## WORK INSTRUCTIONS:
Ignoring the pictures, copy the data exactly.

## DATA BLOCK:
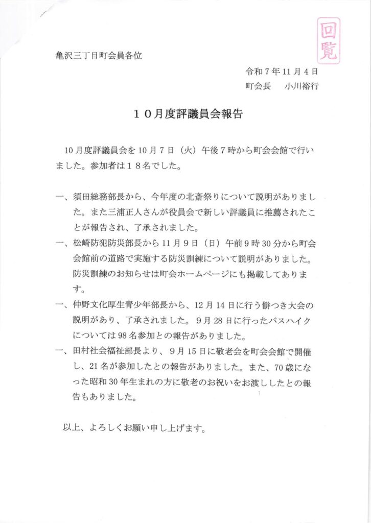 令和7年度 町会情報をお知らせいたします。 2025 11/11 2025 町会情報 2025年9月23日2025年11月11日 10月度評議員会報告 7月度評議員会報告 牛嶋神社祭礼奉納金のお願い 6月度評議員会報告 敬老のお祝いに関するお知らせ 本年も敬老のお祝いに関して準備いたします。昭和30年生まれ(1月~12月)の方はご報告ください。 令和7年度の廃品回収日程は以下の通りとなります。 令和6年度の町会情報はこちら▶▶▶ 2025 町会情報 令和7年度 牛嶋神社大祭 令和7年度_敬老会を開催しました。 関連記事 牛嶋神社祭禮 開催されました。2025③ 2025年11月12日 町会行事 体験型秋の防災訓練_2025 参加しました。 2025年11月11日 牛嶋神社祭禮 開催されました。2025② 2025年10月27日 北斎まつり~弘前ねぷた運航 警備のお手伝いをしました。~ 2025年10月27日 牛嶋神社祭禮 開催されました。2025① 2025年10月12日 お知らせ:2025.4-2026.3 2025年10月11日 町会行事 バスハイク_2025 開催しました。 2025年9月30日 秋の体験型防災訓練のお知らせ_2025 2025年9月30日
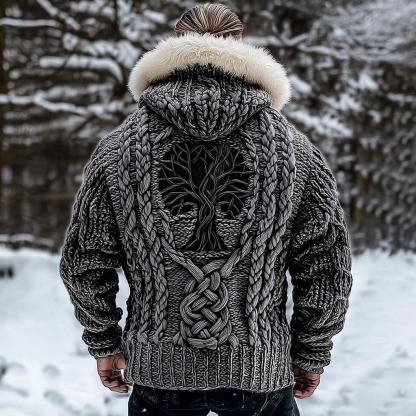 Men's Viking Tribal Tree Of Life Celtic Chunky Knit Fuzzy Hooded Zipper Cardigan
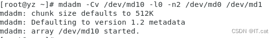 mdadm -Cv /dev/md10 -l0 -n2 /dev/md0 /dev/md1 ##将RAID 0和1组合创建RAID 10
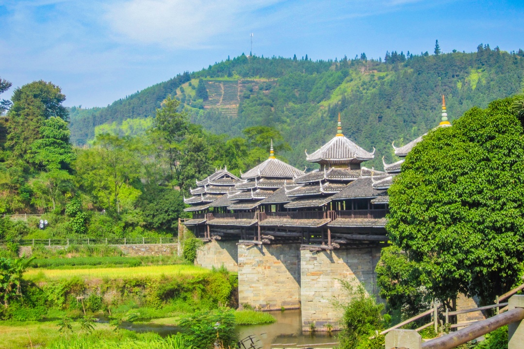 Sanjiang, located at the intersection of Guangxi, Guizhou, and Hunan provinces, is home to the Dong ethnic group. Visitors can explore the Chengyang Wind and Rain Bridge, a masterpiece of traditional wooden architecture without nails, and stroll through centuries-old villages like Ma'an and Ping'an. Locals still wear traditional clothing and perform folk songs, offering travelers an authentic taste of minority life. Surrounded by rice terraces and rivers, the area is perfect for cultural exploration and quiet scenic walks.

## ANSWER TO THIS EXERCISE:
 令和7年度 町会情報をお知らせいたします。 2025 11/11 2025 町会情報 2025年9月23日2025年11月11日 10月度評議員会報告 7月度評議員会報告 牛嶋神社祭礼奉納金のお願い 6月度評議員会報告 敬老のお祝いに関するお知らせ 本年も敬老のお祝いに関して準備いたします。昭和30年生まれ(1月~12月)の方はご報告ください。 令和7年度の廃品回収日程は以下の通りとなります。 令和6年度の町会情報はこちら▶▶▶ 2025 町会情報 令和7年度 牛嶋神社大祭 令和7年度_敬老会を開催しました。 関連記事 牛嶋神社祭禮 開催されました。2025③ 2025年11月12日 町会行事 体験型秋の防災訓練_2025 参加しました。 2025年11月11日 牛嶋神社祭禮 開催されました。2025② 2025年10月27日 北斎まつり~弘前ねぷた運航 警備のお手伝いをしました。~ 2025年10月27日 牛嶋神社祭禮 開催されました。2025① 2025年10月12日 お知らせ:2025.4-2026.3 2025年10月11日 町会行事 バスハイク_2025 開催しました。 2025年9月30日 秋の体験型防災訓練のお知らせ_2025 2025年9月30日
 Men's Viking Tribal Tree Of Life Celtic Chunky Knit Fuzzy Hooded Zipper Cardigan
 mdadm -Cv /dev/md10 -l0 -n2 /dev/md0 /dev/md1 ##将RAID 0和1组合创建RAID 10
 Sanjiang, located at the intersection of Guangxi, Guizhou, and Hunan provinces, is home to the Dong ethnic group. Visitors can explore the Chengyang Wind and Rain Bridge, a masterpiece of traditional wooden architecture without nails, and stroll through centuries-old villages like Ma'an and Ping'an. Locals still wear traditional clothing and perform folk songs, offering travelers an authentic taste of minority life. Surrounded by rice terraces and rivers, the area is perfect for cultural exploration and quiet scenic walks.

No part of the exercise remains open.